Birçok sitokinin, prostoglandinin, glomerülün onarılmasında ve bağışıklık savunmasında önemli faktörler salgılar.
Proksimal kıvrıntılı tübüll
Korteksin büyük kısmını kaplar.
Kübik tek katlı epitelle döşelidr.
Filtrattaki organik besinlerin yarısından fazlası(aa,gli,vit.,) buradan emilir.
Su ve elektrolitlerin de çoğu buradan emilir.
transellüler geri emilim hem aktif hem pasif taşıma içerir.
Su sıkı bağlantılar arasından(parasellüler taşıma) claudin sayesinde pasif olarak sızabilir.
Küçük proteinler endositozla alınabildiği gibi epitel yüzey peptidazları tarafından parçalanıp da alınabilir de.
organik anyon ve katyonlar Salgılama yoluyla fıltrat içine atılabilir. Aynı yolla ilaç, toksinler, kreatin,safra tuzu gibi birçok madde atılabilir.

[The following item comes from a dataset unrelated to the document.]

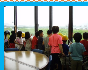
窓から阿武隈大堰を観察
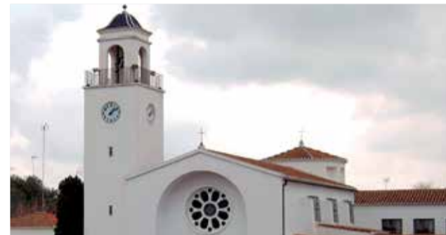
Arriba, el acto del aniversario de San Antonio.

Kübik epitel hücreleri bol Mitokondri içerdiğinden asidofilik boyanır. Uzun mikrovilluslara sahiptir.(emilim)
Bol kapillidir.
Bol vezikül ve oyuk barındırır yüzeyinde. Aldığı maddeleri lizozomlarında parçalar.
lateralde zonula okludensin yani sıra uzun ve çok parmaksı çıkıntılar vardır. Bazalde de birçok uzun zar katlanma ları yapar . Bazalde ve apikalde birçok taşıyıcı yapı vardır. Uzun mitokondriler genelde bazalde ki katlanmalarda yoğundur.
Aynı zamanda proximal tübül hücreleri D vitaminin hidroksilleyip Kapillere verir.